Thursday, February 4, 2010

Day 7

February 4, 2010
Case 1
Caucasian F, approx 30 YO
Deceased was in prison, hanged self with sheet.
Deceased was intubated, had EKG pads on both thighs, defib pads on chest.
COD suicide (asphyxia)

Case 2
Caucasian F, approx 20-25 YO
Suspected OD (suicide?)
Deceased was in good physical condition, except for general hygiene.
Teeth were in very poor condition.
Deceased had admitted past abuse of cocaine and marijuana, started smoking at age 10.
Medical history of spinal bifida.
Had witnessed cardiac event in front of mother, who called 911. Medics intubated, placed EKG pads and defib pads.
COD pending, samples sent to tox.

Case 1 was a prisoner. Two people who were apparently members of the staff where she was incarcerated attended the autopsy. On top of that, we had a class of EMTs in training coming through. It was a crowded room in which we conducted the exams, both at the same time, as was customary. The class was observing the OD case. The two prison people were supposed to be observing their own case.

One was a woman, maybe in her thirties or very early forties. The other was a very short, bald, and rather pudgy black man, who I took to be the prison’s doctor. I don’t think anyone really knew why the woman was with him, but he sat throughout the entirety of the autopsy or leaned on the metal shelf near the door, not really going anywhere near either body or even observing. He just looked bored. The woman, by contrast, was very interested in both autopsies. In fact, obtrusively so. She got off to a good start with me by treating me like I was important and knew things, asked me what the COD was on the younger woman, but soon saw that I was drawing the girl, and without a word from me, launched into a monologue about how she was a designer or something and how she had tried illustration in college and one of the options was to go to the morgue and draw dead people and isn’t that terribly exciting look how similar we are! And then she told me my “line was nice”.

I was drawing in ballpoint pen on printer paper clipped to a paper-towel covered clipboard that had chipped corners, spots of blood on the back, and a crusted smear of tissue on the clip. My line was bumpy and irresolute. All I had drawn was the neck and breasts. I stared at her stonily over my mask, which, thank heaven, concealed enough of my face that I didn’t appear rude. Unfortunately, this apparently translated into “interested” to her, and she talked some more, asked me what college I was from. I slowly told her I was in high school, that I was here for 8 weeks, and that yes, I had seen autopsies before today stop asking me if this is my first one, no I didn’t pass out or throw up on my first day and yes, I do know what I’m doing.

She told me she was very very very interested to see the autopsies today, with the earnest expression of someone who is trying to be too dramatic.

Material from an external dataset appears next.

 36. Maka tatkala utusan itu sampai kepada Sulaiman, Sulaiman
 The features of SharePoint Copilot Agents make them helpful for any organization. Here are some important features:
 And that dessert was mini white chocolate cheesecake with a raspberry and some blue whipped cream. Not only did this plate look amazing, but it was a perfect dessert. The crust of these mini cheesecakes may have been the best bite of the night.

She thought she was on CSI, I guess, because later, when Greg stitched the prisoner’s scalp back together, she slowly and dramatically, making sure people saw her, pushed the woman’s long, tangled brown hair away from her face and stroked it a couple of times. Greg and I gave each other puzzled, vaguely disgusted looks over our masks.
Before that, though, she behaved in an even odder way, all too interested in the pelvic block. She asked to hold the uterus. Greg let her. She stroked the fallopian tubes in much the same way as she would later stroke the dead woman’s hair and bade me come closer and look. I declined, told her it wasn’t my first uterus and I was trying to get down the neck muscles as Greg delicately sliced them back to reveal the glabrous white rings of the trachea. She asked again if it was my first autopsy and I rolled my eyes behind my clipboard. She held the uterus for a long time, then seemingly, dramatically, just noticed the floppy, pink-lined hunk of muscular tissue hanging from it.

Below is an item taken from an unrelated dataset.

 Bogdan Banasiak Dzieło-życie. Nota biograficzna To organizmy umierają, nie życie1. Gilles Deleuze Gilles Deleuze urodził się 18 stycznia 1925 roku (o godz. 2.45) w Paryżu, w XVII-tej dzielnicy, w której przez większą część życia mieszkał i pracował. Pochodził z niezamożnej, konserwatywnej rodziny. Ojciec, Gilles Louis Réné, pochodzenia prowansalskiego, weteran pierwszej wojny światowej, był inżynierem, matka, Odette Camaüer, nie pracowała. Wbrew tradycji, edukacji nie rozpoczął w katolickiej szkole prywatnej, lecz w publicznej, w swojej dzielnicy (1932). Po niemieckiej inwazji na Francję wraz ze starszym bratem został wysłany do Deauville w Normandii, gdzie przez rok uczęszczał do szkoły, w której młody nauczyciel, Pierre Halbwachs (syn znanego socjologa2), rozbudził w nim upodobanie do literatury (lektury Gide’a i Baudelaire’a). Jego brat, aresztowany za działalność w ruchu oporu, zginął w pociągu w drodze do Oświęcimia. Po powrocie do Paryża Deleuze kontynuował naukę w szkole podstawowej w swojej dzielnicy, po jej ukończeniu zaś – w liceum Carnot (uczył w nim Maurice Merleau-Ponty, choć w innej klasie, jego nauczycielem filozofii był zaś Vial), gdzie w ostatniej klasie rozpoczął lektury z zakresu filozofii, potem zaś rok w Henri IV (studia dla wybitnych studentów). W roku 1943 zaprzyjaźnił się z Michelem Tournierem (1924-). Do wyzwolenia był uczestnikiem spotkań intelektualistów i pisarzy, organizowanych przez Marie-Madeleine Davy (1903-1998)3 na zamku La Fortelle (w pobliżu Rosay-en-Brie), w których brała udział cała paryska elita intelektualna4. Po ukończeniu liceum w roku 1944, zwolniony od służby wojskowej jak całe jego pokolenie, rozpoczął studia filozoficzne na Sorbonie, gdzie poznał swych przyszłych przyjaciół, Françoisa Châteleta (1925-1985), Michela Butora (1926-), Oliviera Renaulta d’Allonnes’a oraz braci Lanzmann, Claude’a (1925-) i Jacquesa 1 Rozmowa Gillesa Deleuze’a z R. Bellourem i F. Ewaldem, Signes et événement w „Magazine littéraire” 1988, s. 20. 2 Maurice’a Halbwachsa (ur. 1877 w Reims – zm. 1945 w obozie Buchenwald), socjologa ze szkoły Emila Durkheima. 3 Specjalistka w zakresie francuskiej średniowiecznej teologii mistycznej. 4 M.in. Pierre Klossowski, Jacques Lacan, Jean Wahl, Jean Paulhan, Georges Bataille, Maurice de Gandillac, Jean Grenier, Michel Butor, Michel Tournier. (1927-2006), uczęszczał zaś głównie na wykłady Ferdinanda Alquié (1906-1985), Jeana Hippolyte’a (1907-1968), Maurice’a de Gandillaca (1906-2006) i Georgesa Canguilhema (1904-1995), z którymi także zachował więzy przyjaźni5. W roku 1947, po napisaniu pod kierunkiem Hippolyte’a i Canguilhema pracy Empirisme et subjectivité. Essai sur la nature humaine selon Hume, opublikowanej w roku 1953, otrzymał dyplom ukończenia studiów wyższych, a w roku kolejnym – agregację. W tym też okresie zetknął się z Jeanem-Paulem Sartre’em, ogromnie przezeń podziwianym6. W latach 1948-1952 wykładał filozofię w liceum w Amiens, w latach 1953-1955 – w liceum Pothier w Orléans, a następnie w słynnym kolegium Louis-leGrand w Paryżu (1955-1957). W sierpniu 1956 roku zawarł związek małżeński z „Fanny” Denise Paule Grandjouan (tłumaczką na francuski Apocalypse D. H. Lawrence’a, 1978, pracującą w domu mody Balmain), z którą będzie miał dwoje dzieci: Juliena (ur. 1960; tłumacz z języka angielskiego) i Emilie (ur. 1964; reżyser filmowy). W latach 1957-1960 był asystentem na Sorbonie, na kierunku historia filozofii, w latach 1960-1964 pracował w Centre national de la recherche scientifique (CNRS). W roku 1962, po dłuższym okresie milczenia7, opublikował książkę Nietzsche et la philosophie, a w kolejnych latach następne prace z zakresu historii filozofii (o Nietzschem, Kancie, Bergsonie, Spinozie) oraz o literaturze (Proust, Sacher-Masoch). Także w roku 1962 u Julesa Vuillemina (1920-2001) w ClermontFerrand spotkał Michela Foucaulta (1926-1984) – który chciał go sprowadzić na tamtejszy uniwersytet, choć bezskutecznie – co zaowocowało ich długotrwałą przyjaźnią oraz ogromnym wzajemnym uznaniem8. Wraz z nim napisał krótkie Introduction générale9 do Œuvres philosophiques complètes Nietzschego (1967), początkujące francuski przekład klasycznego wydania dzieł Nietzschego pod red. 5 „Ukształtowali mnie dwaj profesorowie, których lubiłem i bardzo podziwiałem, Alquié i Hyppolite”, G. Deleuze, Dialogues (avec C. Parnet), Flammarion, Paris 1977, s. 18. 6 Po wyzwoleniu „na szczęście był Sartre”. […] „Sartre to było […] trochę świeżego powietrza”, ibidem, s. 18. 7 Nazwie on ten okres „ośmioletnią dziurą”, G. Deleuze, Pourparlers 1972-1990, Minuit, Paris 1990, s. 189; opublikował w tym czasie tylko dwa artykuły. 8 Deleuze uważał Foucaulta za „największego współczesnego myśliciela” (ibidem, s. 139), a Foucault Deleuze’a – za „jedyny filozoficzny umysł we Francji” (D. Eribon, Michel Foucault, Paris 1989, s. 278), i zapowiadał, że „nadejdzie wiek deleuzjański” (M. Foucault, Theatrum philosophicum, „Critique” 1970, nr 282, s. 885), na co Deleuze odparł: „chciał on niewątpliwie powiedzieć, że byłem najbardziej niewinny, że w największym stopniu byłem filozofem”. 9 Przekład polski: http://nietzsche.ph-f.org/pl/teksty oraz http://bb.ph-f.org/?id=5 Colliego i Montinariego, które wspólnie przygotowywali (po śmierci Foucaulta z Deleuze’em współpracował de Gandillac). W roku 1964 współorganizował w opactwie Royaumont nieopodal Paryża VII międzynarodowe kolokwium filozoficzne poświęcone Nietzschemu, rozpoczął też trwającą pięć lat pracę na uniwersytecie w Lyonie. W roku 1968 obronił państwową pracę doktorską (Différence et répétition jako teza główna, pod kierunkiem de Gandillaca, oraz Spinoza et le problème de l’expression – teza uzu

“Is this,” she said to Greg, breathlessly, “the…vagina?”

“Uh, yeah,” he said.

“Oh, wow,” she breathed, “It’s so…smooth.”

She palmed the little, muscular egg of the uterus again, running the fingers of her other hand over the rippled pink skin of the vaginal canal, as though feeling a strand of beads. “Can you tell if she’s ever been pregnant?” She asked Greg, who was trying to concentrate on the neck, holding up the pink muscle.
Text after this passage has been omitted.